2021-06-27 14:07:01,282 INFO webproxy.WebAppProxyServlet (WebAppProxyServlet.java:doGet(382)) - dr.who is accessing unchecked http://22.20.101.13:53092/api/v1/applications/application_1624802728037_0009/executors which is the app master GUI of application_1624802728037_0009 owned by hdfs
2021-06-27 14:07:01,282 INFO webproxy.WebAppProxyServlet (WebAppProxyServlet.java:doGet(382)) - dr.who is accessing unchecked http://22.20.14.5:36198/api/v1/applications/application_1624801538018_0011/executors which is the app master GUI of application_1624801538018_0011 owned by hdfs


any idea what is the meaning of the INFO about?

INFO fair.FSAppAttempt (FSAppAttempt.java:reservationExceedsThreshold(495)) - Reservation Exceeds Allowed number of nodes: app_id=application_1624802728037_0001 existingReservations=10 totalAvailableNodes=181 reservableNodesRatio=0.05 numAllowedReservations=10

 

Michael-Bronson
8 REPLIES 8

Re: yarn + resource manager failed to start on HDP clusters

Mentor

@mike_bronson7 

Have you recently changed your YARN configs [CapacityScheduler and the FairScheduler]? That seem related to over subscription?
Can you share your queue or capacity-scheduler.xml or fair-scheduler.xml.

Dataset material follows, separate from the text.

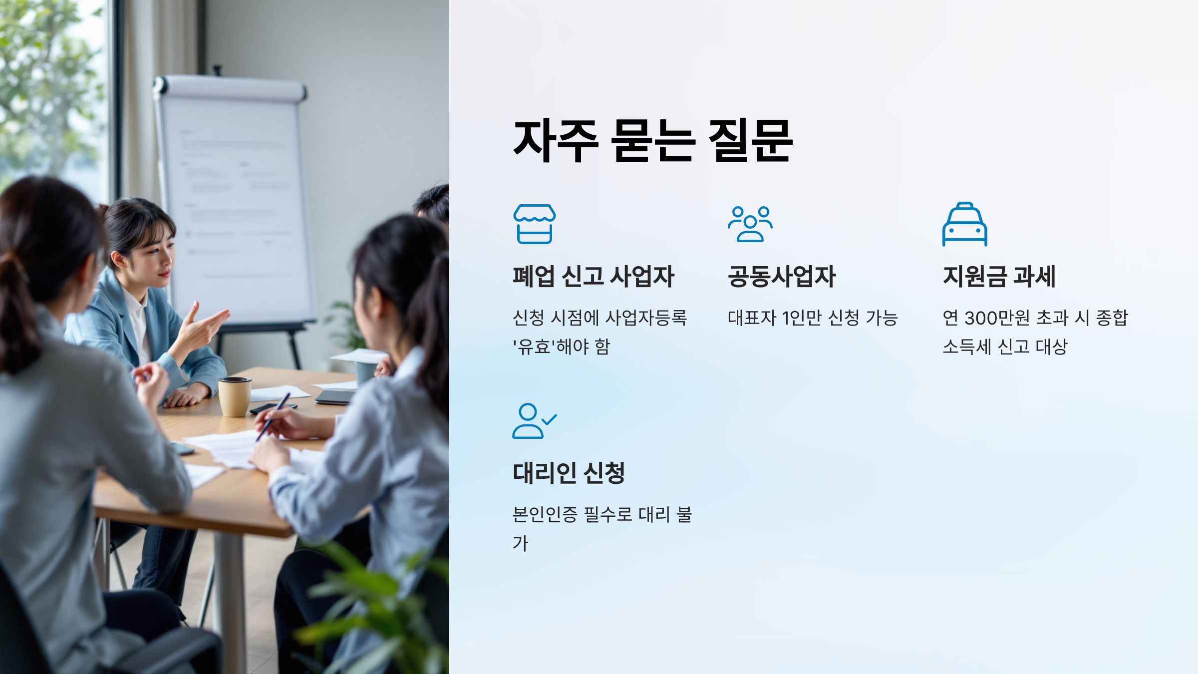 A1. 아니요. 신청 시점에 사업자등록이 ‘유효’해야 돼요.
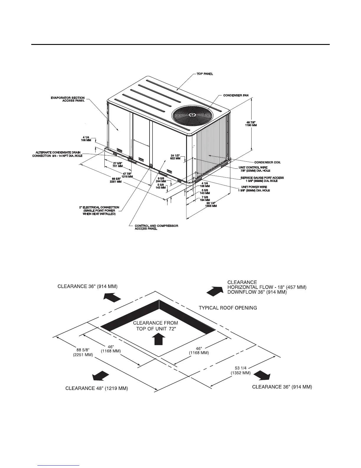 Figure 7. Heat pump - 5-7½ ton - unit clearance and roof opening

Can you check the Ambari Ui-->YARN--> Config--> Version to ensure there is wasn't a change.
Geoffrey

Re: yarn + resource manager failed to start on HDP clusters

here the details

 

 

capacity-scheduler=null
yarn.scheduler.capacity.default.minimum-user-limit-percent=100
yarn.scheduler.capacity.maximum-am-resource-percent=0.2
yarn.scheduler.capacity.maximum-applications=10000
yarn.scheduler.capacity.node-locality-delay=40
yarn.scheduler.capacity.root.accessible-node-labels=*
yarn.scheduler.capacity.root.acl_administer_queue=*
yarn.scheduler.capacity.root.capacity=100
yarn.scheduler.capacity.root.default.acl_administer_jobs=*
yarn.scheduler.capacity.root.default.acl_submit_applications=*
yarn.scheduler.capacity.root.default.capacity=100
yarn.scheduler.capacity.root.default.maximum-capacity=100
yarn.scheduler.capacity.root.default.state=RUNNING
yarn.scheduler.capacity.root.default.user-limit-factor=1
yarn.scheduler.capacity.root.queues=default

Michael-Bronson

Re: yarn + resource manager failed to start on HDP clusters

and

 

 

yarn.scheduler.capacity.ordering-policy.priority-utilization.underutilized-preemption.enabled --> false

Michael-Bronson

Re: yarn + resource manager failed to start on HDP clusters

based on the logs and based on what you see

what is the preferred selecting that we need to use

 

CapacityScheduler  OR  FairScheduler ?

Michael-Bronson

Re: yarn + resource manager failed to start on HDP clusters

Mentor

@mike_bronson7 

Can you share the below files  in /var/log/hadoop-yarn/yarn

  • hadoop-yarn-resourcemanager-{hostname}.log
  • hadoop-yarn-resourcemanager-{hostname}.out

Happy hadooping

Re: yarn + resource manager failed to start on HDP clusters

Mentor

@mike_bronson7 
Waiting for your response with the logs.

Re: yarn + resource manager failed to start on HDP clusters

the logs are include some sensitive data , so I cant to attached all the log content , but the lines that I posted are the lines that are popular in the logs , also I forget to mention another problem that we cant also to access port 8088  

Michael-Bronson

Re: yarn + resource manager failed to start on HDP clusters

Mentor

@mike_bronson7 

 

Are you using the default capacity schedule settings? No queues/leafs created?  Is what you shared the current seeting?